Vielleicht lieber etwas Muße als Muse? Bei Wikipedia lese ich zum Müßiggang: „untätig sein, nichts tun, träge sein“; damit ist konkret gemeint: „das entspannte und von Pflichten freie Ausleben, nicht die Erholung von besonderen Stresssituationen oder körperlichen Belastungen. Er geht z.B. mit geistigen Genüssen oder leichten vergnüglichen Tätigkeiten einher, kann jedoch auch das reine Nichtstun bedeuten“ (Zitat Ende).

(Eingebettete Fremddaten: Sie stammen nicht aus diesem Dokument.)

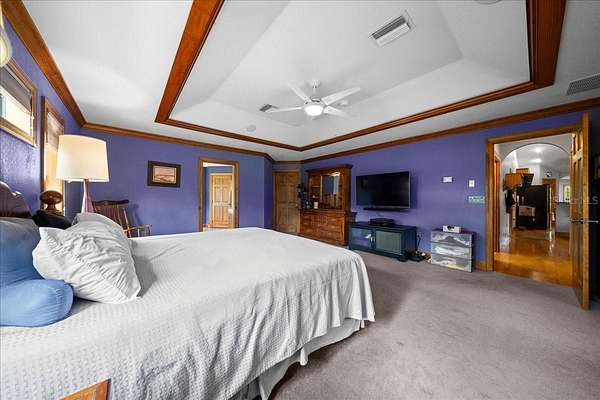 - Built-In Features, Cathedral Ceiling(s), Ceiling Fans(s), Crown Molding, High Ceilings, Open Floorplan, Pest Guard System, Primary Bedroom Main Floor, Solid Surface Counters, Split Bedroom, Thermostat, Tray Ceiling(s), Walk-In Closet(s)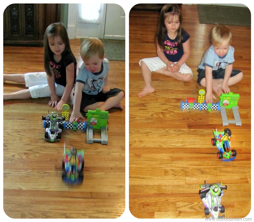 Ethan had fun putting the figures on the vehicles and setting everything up. Emma actually spent quite a bit of time backing the vehicles up onto the ramp and “fueling” them up with the gas pump. The imaginative play that has been happening with these Toy Story toys has been incredible. They even set up their own race a few times but were then distracted and started reenacting the movie and pushing the vehicles around the house.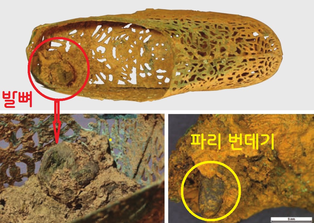 정촌고분 출토 금동신발에서는 주인공의 발뼈와 함께 다량의 파리번데기 껍질이 확인됐다.|국립나주문화재연구소 제공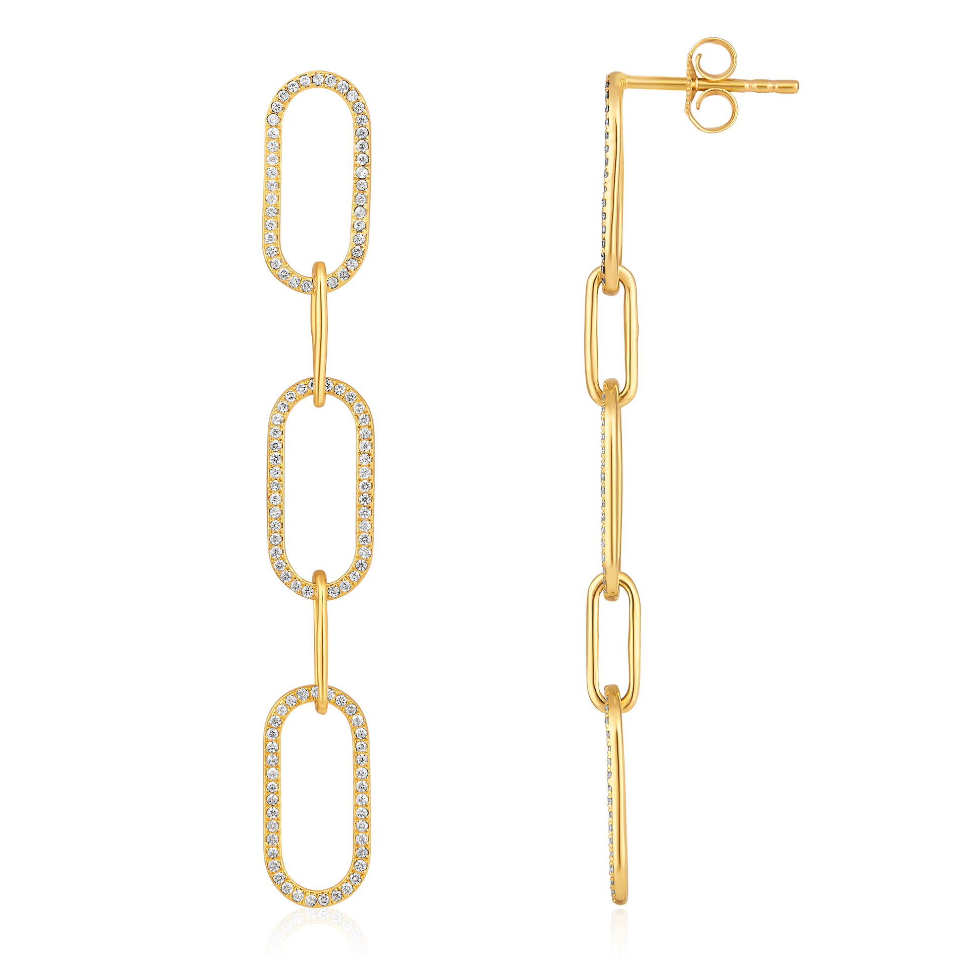 Crafted in 3.01 grams of Yellow Gold, the earrings features 234 stones of Natural Diamonds with a total weight of 0.39 carats.

Das klingt doch toll: Ich tu einfach nichts und bekomme daraus sogar viel. Ich könnte einfach da sitzen und warten, bis etwas passiert. Ich könnte spazieren gehen und schauen, was mir begegnet. Ich könnte in die Stadt gehen, ohne jemanden treffen oder etwas besorgen zu müssen. Ich könnte zuhause bleiben, im Bett liegen und mitten am Tag ein gutes Buch lesen. Ich mache mich frei von Tempo und Noch-Müssen und Mehr-Wollen.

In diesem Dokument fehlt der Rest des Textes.